┌─ Supplied data

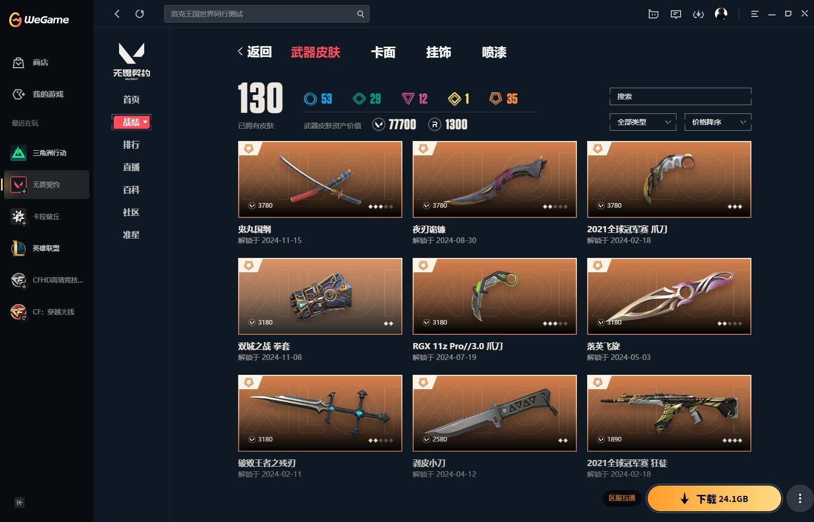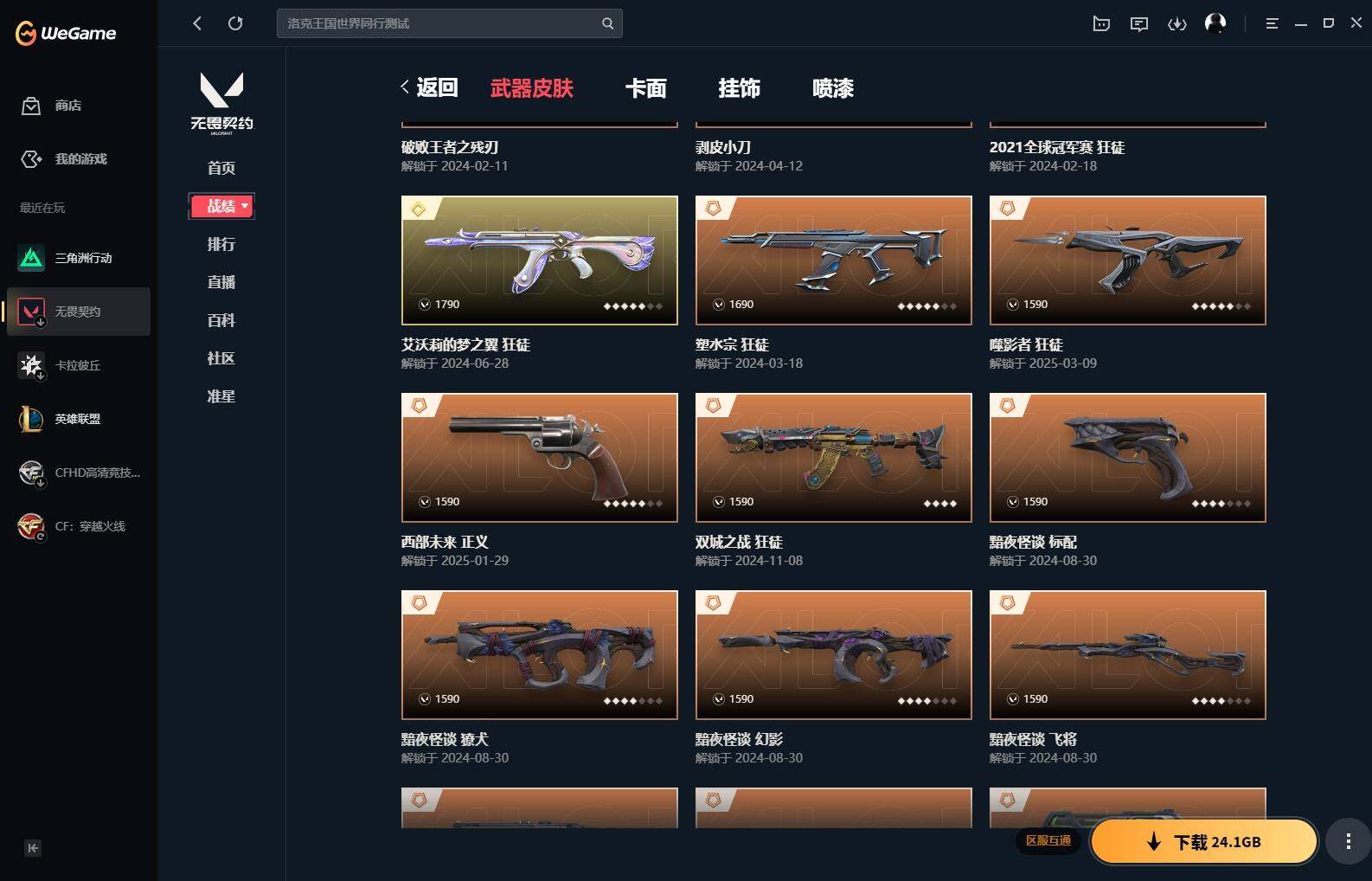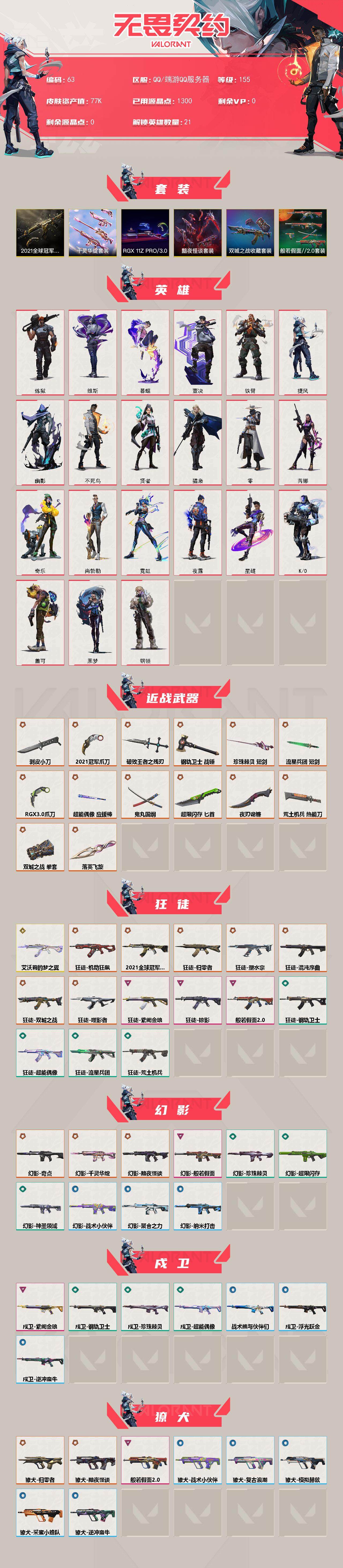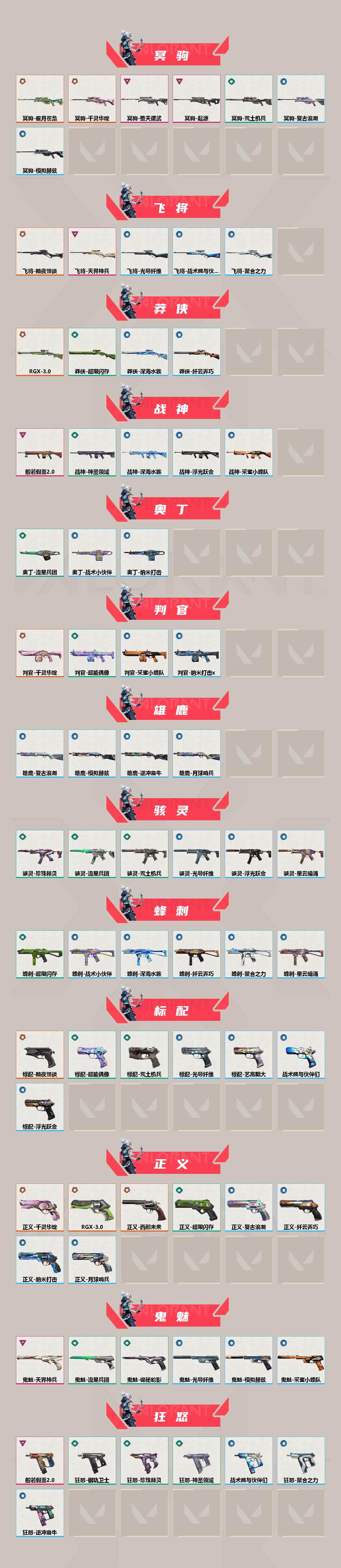 【63】xl35451 【套装】:2021全球冠军赛套装,rgx 11z pro//3.0套装,《双城之战》收藏套装,千灵华绽套装,黯夜怪谈套装,般若假面//2.0套装 【英雄】:炼狱,维斯,暮蝶,壹决,铁臂,捷风,幽影,不死鸟,贤者,猎枭,零,芮娜,奇乐,尚勃勒,霓虹,夜露,星礈,k/o,盖可,黑梦,钢锁 【近战 武器】:近战武器-2021全球冠军赛 爪刀,近战武器-剥皮小刀,近战武器-rgx 11z pro//3.0 爪刀,近战武器-落英飞旋,近战武器-鬼丸国纲,近战武器-双城之战 拳套,近战武器-珍珠棘贝 短剑,近战武器-流星兵团 短剑,近战武器-超能偶像 应援棒,近战武器-超限闪存 匕首,近战武器-钢轨卫士 战锤,近战武器-荒土机兵 热能刀,近战武器-破败王者之残刃,近战武器-夜刃诡镰 【狂徒】:狂徒-艾沃莉的梦之翼,狂徒-2021全球冠军赛,狂徒-归零者,狂徒-混沌序曲,狂徒-机动狂飙,狂徒-双城之战,狂徒-塑水宗,狂徒-噬影者,狂徒-般若假面//2.0,狂徒-掠影,狂徒-紫阙金琅,狂徒-超能偶像,狂徒-钢轨卫士,狂徒-荒土机兵,狂徒-流星兵团 【幻影】:幻影-黯夜怪谈,幻影-奇点,幻影-千灵华绽,幻影-般若假面,幻影-超限闪存,幻影-珍珠棘贝,幻影-神圣领域,幻影-聚合之力,幻影-纳米打击,幻影-战术小伙伴 【戍卫】:戍卫-紫阙金琅,戍卫-超能偶像,戍卫-钢轨卫士,戍卫-珍珠棘贝,戍卫-浮光跃金,戍卫-逆冲蛮牛,戍卫-战术熊与伙伴们 【獠犬】:獠犬-黯夜怪谈,獠犬-归零者,獠犬-般若假面//2.0,獠犬-采蜜小蜂队,獠犬-复古浪潮,獠犬-模拟赫兹,獠犬-逆冲蛮牛,獠犬-战术小伙伴 【冥驹】:冥驹-千灵华绽,冥驹-偃月苍龙,冥驹-堕天遗武,冥驹-起源,冥驹-荒土机兵,冥驹-复古浪潮,冥驹-模拟赫兹 【飞将】:飞将-黯夜怪谈,飞将-天界神兵,飞将-聚合之力,飞将-光导纤维,飞将-战术熊与伙伴们 【莽侠】:莽侠-rgx 11z pro//3.0,莽侠-超限闪存,莽侠-深海水族,莽侠-纤云弄巧 【战神】:战神-般若假面//2.0,战神-神圣领域,战神-采蜜小蜂队,战神-浮光跃金,战神-深海水族 【奥丁】:奥丁-流星兵团,奥丁-纳米打击,奥丁-战术小伙伴 【判官】:判官-千灵华绽,判官-超能偶像,判官-采蜜小蜂队,判官-纳米打击x 【雄鹿】:雄鹿-复古浪潮,雄鹿-模拟赫兹,雄鹿-逆冲蛮牛,雄鹿-月球哨兵 【骇灵】:骇灵-荒土机兵,骇灵-流星兵团,骇灵-珍珠棘贝,骇灵-浮光跃金,骇灵-光导纤维,骇灵-星云暗涌 【蜂刺】:蜂刺-超限闪存,蜂刺-聚合之力,蜂刺-深海水族,蜂刺-纤云弄巧,蜂刺-战术小伙伴,蜂刺-星云暗涌 【标配】:标配-黯夜怪谈,标配-超能偶像,标配-荒土机兵,标配-浮光跃金,标配-光导纤维,标配-艺高胆大,标配-战术熊与伙伴们 【正义】:正义-rgx 11z pro//3.0,正义-千灵华绽,正义-西部未来,正义-超限闪存,正义-复古浪潮,正义-纳米打击,正义-纤云弄巧,正义-月球哨兵 【鬼魅】:鬼魅-天界神兵,鬼魅-流星兵团,鬼魅-诡秘蛇影,鬼魅-采蜜小蜂队,鬼魅-光导纤维,鬼魅-模拟赫兹 【狂怒】:狂怒-般若假面//2.0,狂怒-钢轨卫士,狂怒-珍珠棘贝,狂怒-神圣领域,狂怒-聚合之力,狂怒-逆冲蛮牛,狂怒-战术熊与伙伴们 【短炮】:短炮-钢轨卫士,短炮-深海水族,短炮-纤云弄巧 【卡面】:终章:激斗汉堡 卡面,进入射程 卡面,分崩离析 卡面,纳米打击 卡面,抑制技术 卡面,激斗汉堡 卡面,瓦娃脸雪糕 p2 卡面,从黄昏到黎明 卡面,荒土机兵 卡面,银弹猎手 卡面,逆冲蛮牛 卡面,《双城之战》拥抱 卡面,精灵大战 卡面,欢迎来到底城 卡面,南瓜盛典 卡面,唱片的故事 卡面,钢弓与箭弦 卡面,排除故障 卡面,战术桌游 卡面,悠享食光 卡面,修车达人 卡面,模拟赫兹 卡面,浮光跃金 卡面,超限闪存 卡面,维斯工牌 卡面,正义的化身 卡面,终章:生意人麦宝 卡面,铁之华 卡面,失而复得 卡面,时间到 卡面,最高舞台 卡面,复活专家 卡面,归乡 // 蝰蛇 卡面,rgx 11z pro//3.0 卡面,超能偶像 卡面,生意人麦宝 卡面,音熊登场 卡面,树懒大作战 卡面,声感陷阱设计图 卡面,风险合作 卡面,霓帧牛蛙 卡面,钢锁工牌 卡面,战术小伙伴的夏日 卡面,采蜜小蜂队 卡面,聚合之力 卡面,梦幻奶茶 卡面,终章:打造专属狂徒 卡面,趁热吃 卡面,西装暴徒 卡面,失控边缘 卡面,哨卫者之领域 卡面,无畏契约:尚勃勒 卡面,暮蝶工牌 卡面,战术熊与伙伴们 卡面,源能反应 卡面,流星兵团 卡面,纤云弄巧 卡面,暂别喧嚣 卡面,打造专属狂徒 卡面,零点嗅探设计图 卡面,终章:瓦娃脸雪糕 卡面,表象之下 卡面,虹吸式咖啡壶 卡面,源能者美容 卡面,脚踝终结者 卡面 ,夜班 卡面,瓦娃脸雪糕 卡面 ,沙雕爆能器 卡面,无畏契约go!第一卷:芮娜 卡面,深海水族 卡面,珍珠棘贝 卡面,复古浪潮 卡面,盖可工牌 卡面,清除名单 卡面,无畏契约go!第一卷:零 卡面,终章:同步耍酷 卡面,龍记 卡面,化茧成蝶 卡面,比比看谁快? 卡面,《双城之战》金克丝 卡面,蝰蛇vs幽影 卡面,势不可挡//盖可 卡面,逆向独行 卡面 ,同步耍酷 卡面,完美调谐 卡面 ,没有什么能逃过我的眼睛 卡面,光导纤维 卡面,战术小伙伴 卡面,钢轨卫士 卡面,暗呛 卡面,无畏契约go!第一卷:贤者 卡面,铁臂设计图 卡面,代号红色 卡面,新兵报到 卡面,v契约 卡面,无畏契约 卡面 【喷漆】:小小心意 喷漆,战“素”兔 喷漆,宇宙的指引 喷漆,请求重启 喷漆,逆冲蛮牛 喷漆,纳米打击 喷漆,鼻尖上的蝴蝶 喷漆,简笔画黯兽 喷漆,独守蝰腹 喷漆,他们将落荒而逃 喷漆,通缉:战术企鹅 喷漆,荒土机兵 喷漆,别挡我吃球! 喷漆,嗨宝南瓜灯 喷漆,嘭! 喷漆,都算到了 喷漆,控场勿近 喷漆,皮蛋
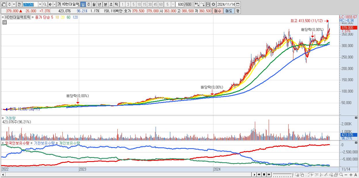 - HD현대일렉트릭 (379,000원 ▲ 7.37% , 시총: 136,619억, 외국인 순매수 거래금:150억)
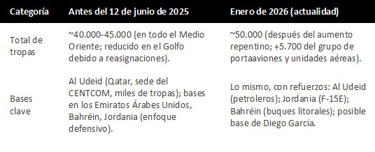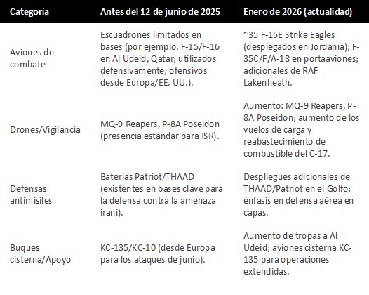 Tabla comparativa: Activos navales estadounidenses en el Golfo Pérsico antes del 12 de junio de 2025 en comparación con enero de 2026
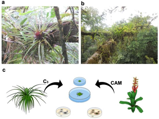 Tropical bromeliads frequently form associations with an abundant and diverse group of microsymbionts. These can include, algae [6], freshwater protozoa [7], yeasts [8], phyllosphere bacteria [9], and arbuscular mycorrhizal fungi [10,11]. However, because of their cryptic nature, foliar fungal endophytes—microfungi living within asymptomatic plant tissues—have seldom been studied in bromeliads. Research on fungal endophytes in bromeliads has primarily focused on fungi living within root tissues (i.e., dark septate endophytes) and their associations with plant functional traits [12,13], yet fungal endophytes within bromeliad leaf tissues have remain underexplored [14,15]. One study compared endophytic fungal communities between tropical trees (Hevea spp.) and epiphytic bromeliads (Tillandsia spp.) and found distinct communities [14]. The reasons for the different endophyte communities remain unknown but could be due to the fact that the sampled plants were from distinct geographic regions and had different photosynthetic pathways (Hevea spp. use the C3 photosynthetic pathway and Tillandsia spp. use the water-conserving, crassulacean acid metabolism (CAM) photosynthetic pathway). Plants that vary in their photosynthetic pathway also exhibit distinct differences in leaf ecophysiological traits; CAM species often have larger cells to store malate and thicker leaves to reduce the CO2 leakage relative to their C3 counterparts [16]. Foliar fungal endophytes (hereafter, endophytes) are known to be highly abundant and hyperdiverse in ferns, grasses, and woody angiosperms and gymnosperms in the tropics [17,18,19,20]. Still, our understanding of how plant functional traits are associated with structuring endophyte abundance, diversity, and community composition in tropical plants remains limited to understory woody trees. For example, endophyte communities of trees in a lowland rainforest of Papua New Guinea were correlated with variation in foliar traits, including leaf mass per area (LMA) and leaf carbon and nitrogen, and multivariate analyses showed that community composition of endophytic fungi in 10 dominant trees species in a temperate rainforest in Southern Chile were associated with variation in leaf resistance traits, such as leaf toughness and leaf anthocyanins [21]. Epiphytic bromeliads in the rainforest canopy with distinct ecophysiological leaf traits, offer an intriguing plant–fungal system by which to investigate the relationship between host functional traits and foliar endophyte communities.
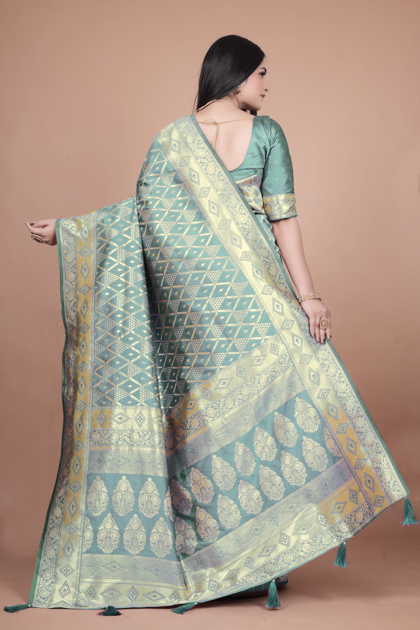 Mauve Banarasi Silk Saree with Silver Zari Elegance With 4 color option
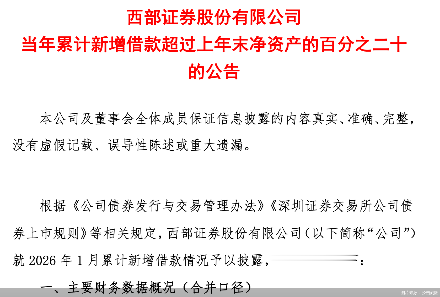 北京商报讯(记者刘宇阳实习生姚榕琰)2月5日,西部证券发布公告称,截至2025年12月31日,西部证券未经审计的净资产为320.08亿元,借款余额为459.36亿元。截至2026年1月31日,其借款余额为540.02亿元,累计新增借款80.66亿元,占上年末净资产比例为25.2%,超20%。
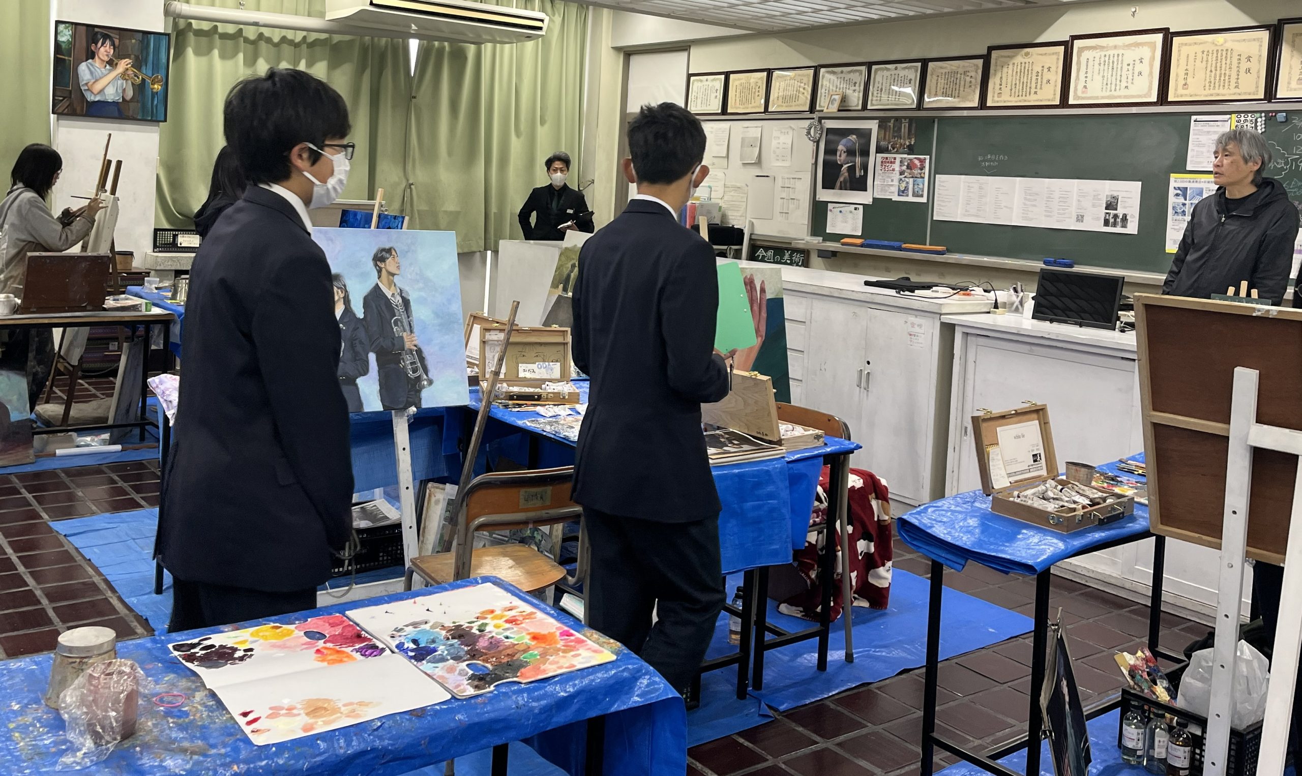 食堂や授業中の教室の様子に加え、内閣総理大臣賞や文部科学大臣賞を受賞している美術部・書道部の活動など、本校の特色ある施設や教育活動をご覧いただきました。
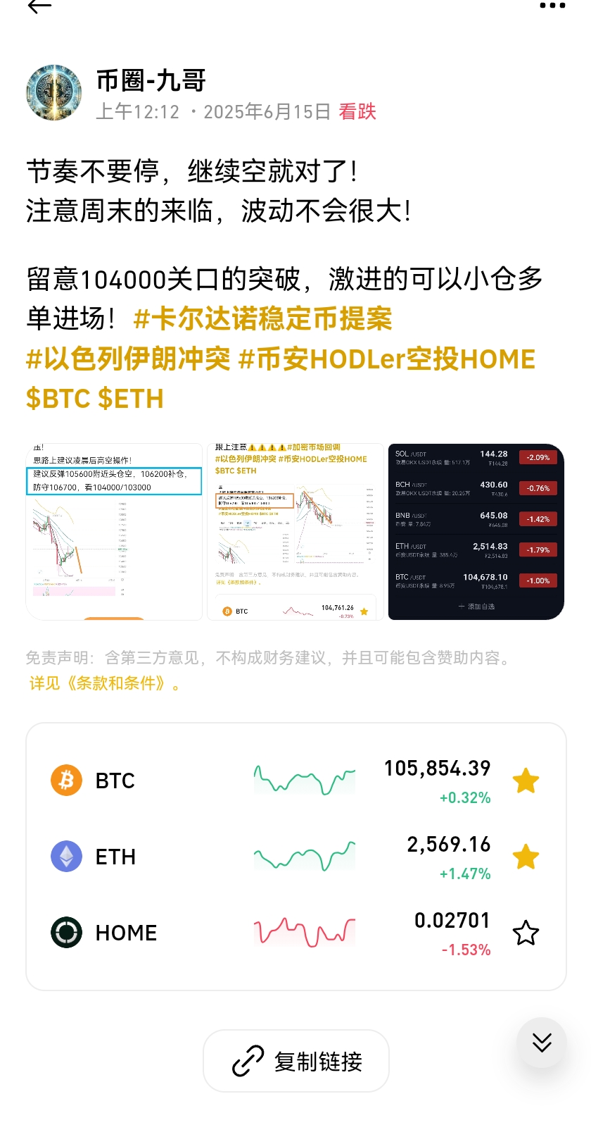 我们是激进派,行情指标走那边就分析那边! 从周线的整体来看,偏向震荡下行!小心短线的反弹是烟雾弹!短线中106500是重要的压制!这里也是近期的震荡箱的顶部,要想走出行情必须突破上去站稳上方才行,家人们需要特意注意币价的波动! 短线中目前报价105800,思路上建议在震荡箱的顶部附近空一次,性价比高!建议反弹106300附近空,防1070000,看104000/103000 【就是向上突破,也有机会放空单下车,站稳在换思路做多】
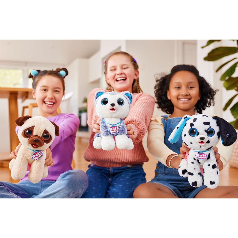 Uh oh! These Puppies have got to go! These adorable puppies are as real as it gets. They will cuddle you, bark for you and even eat like real puppies too. Once their tummies are full, they'll need to go! Watch them poop with color changing magic! Your new Pets Alive Pooping Puppy can't wait to become your new furry friend! There are 3 puppies to collect, will you adopt the pug, dalmation or husky?

└─

**Problem requirements**
Print from the line containing "- HD현대일렉트릭 (379,000원" through the line containing "Tabla comparativa: Activos" in the data above, exactly as the lines stand, and omit every picture.

**Response**
 - HD현대일렉트릭 (379,000원 ▲ 7.37% , 시총: 136,619억, 외국인 순매수 거래금:150억)
 Tabla comparativa: Activos navales estadounidenses en el Golfo Pérsico antes del 12 de junio de 2025 en comparación con enero de 2026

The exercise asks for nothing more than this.